Developer’s Worst Nightmare
The facts are every real estate developer’s worse nightmare.
The developer, Downing Salt Pond Partners, acquired real estate in Narragansett for a residential development, and in 1992 received a Coastal Resources Management Council (CRMC) Assent to develop the property for a 79 lot residential subdivision.
After building 26 homes from 1992 through 2007, the Rhode Island Historic Preservation and Heritage Commission determined that artifacts found during construction indicated the property was the site of a Narragansett Indian settlement.

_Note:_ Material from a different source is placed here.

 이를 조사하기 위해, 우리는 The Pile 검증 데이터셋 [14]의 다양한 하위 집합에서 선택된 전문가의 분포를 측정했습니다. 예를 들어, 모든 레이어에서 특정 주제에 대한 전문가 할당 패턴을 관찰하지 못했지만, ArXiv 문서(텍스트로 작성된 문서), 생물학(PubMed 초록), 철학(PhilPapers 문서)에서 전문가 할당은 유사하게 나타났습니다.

The Historic Commission urged CRMC to withdraw the Assent.
While CRMC did not formally invalidate the Assent, it wanted to assess the issues raised by the Historic Commission.

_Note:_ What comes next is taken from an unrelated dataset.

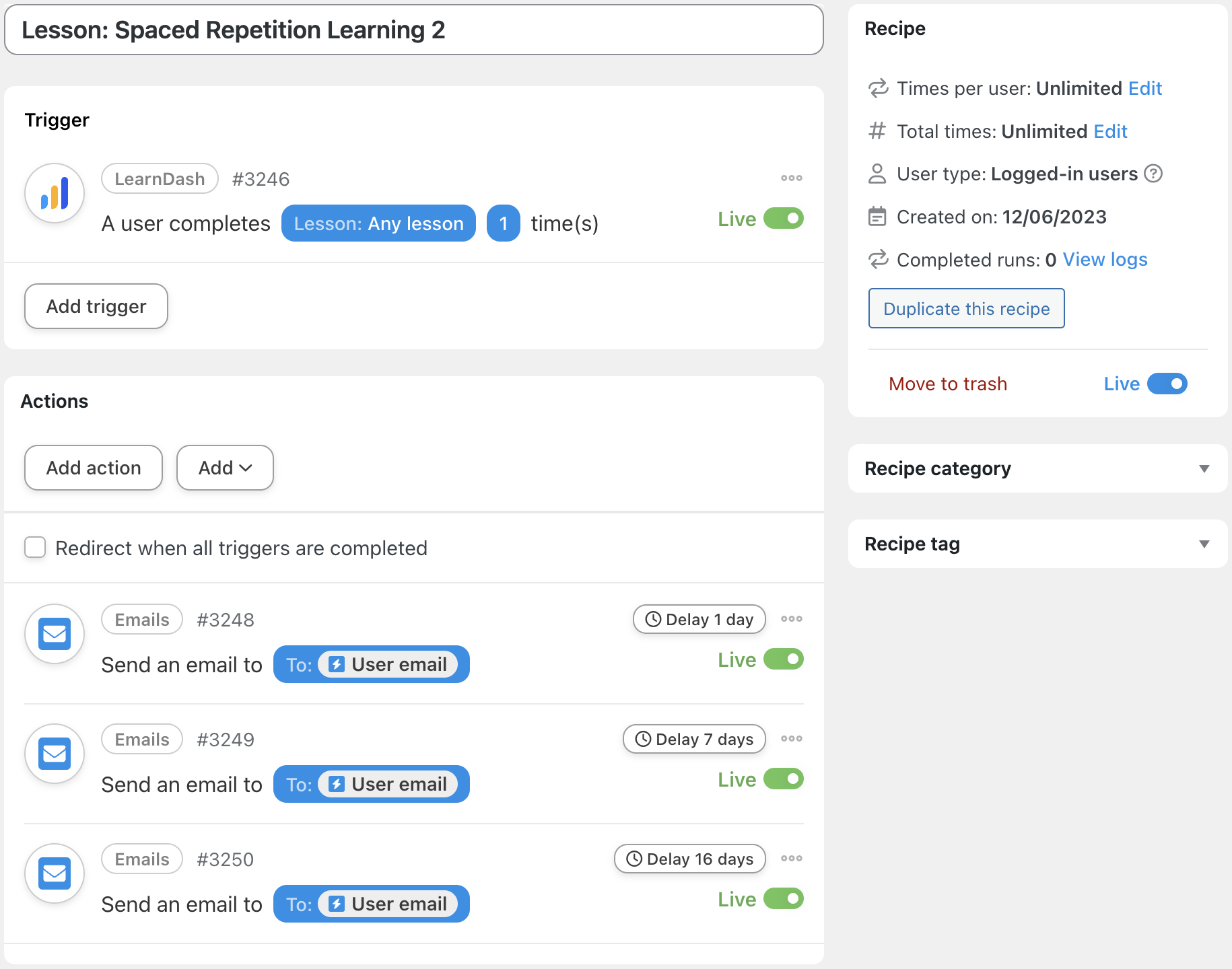 Give your recipe a name that will make it easy to recognize at a glance. For example, we’ve named this recipe “Lessons: Spaced Repetition Learning”.

Construction was halted, and Downing alleges the Historic Commission wanted to either prevent further development of the project or require the developer to undertake an archeological data recovery project that Downing asserted would cost it $6 million.
So there the developer sat, with the uncertainty of whether it could ever complete its project, after having purchased the land, gotten its permits, installed infrastructure to support development, and built less than a third of the houses it expected to sell.
By June, 2009 the issue had not been resolved, Downing started development, CRMC issued a cease and desist order, and Downing headed to federal court, claiming its property had been taken without just compensation, and also alleging denials of constitutional due process and equal protection provisions.
The Court Speaks—And Things Get Even Worse For The Developer
The federal District Court found against Downing, saying the developer was required to bring its claims in State court. Downing/Salt Pond Partners, L.P. v. Rhode Island, 698 F. Supp. 2d 278 (D.R.I. 2010) On May 23, 2011, the First Circuit Court of Appeals affirmed.
In essence, the Court held that the United States Supreme Court’s decision in Williamson County Regional Planning Commission v. Hamilton Bank of Johnson City, 473 U.S. 172 (1985), establishing ripeness requirements for such suits in federal court, required that the suit be brought in state court because Rhode Island had an adequate remedy for inverse condemnation claims and the claim must therefore be pursued in State Court.
The First Circuit refused to address the argument that even if the inverse condemnation claim was not ripe for hearing in federal court, the due process and equal protection claims were ripe. And while it did not address that argument substantively, it did suggest it did not find it a compelling argument.
(If you want to read an excellent commentary on the mess the Williamson County case has made for property owners claiming a taking, see the recent posting (May 30, 2011) by attorney Robert H. Thomas about the Downing Salt Pond case on inversecondemnation.com.)
So after four years of uncertainty, the developer still has no resolution, and no compensation, and presumably has to head back to court—this time State court—and perhaps back to the negotiation table.
It appears fairly clear that the federal courts continue to be reluctant to entertain land use regulatory takings cases, and your remedy is in State court.
There is a reason real estate developers expect to make Big Money; they take Big Risks, and the developer’s return is the compensation for those risks. And sometimes those Big Risks result in Big Losses.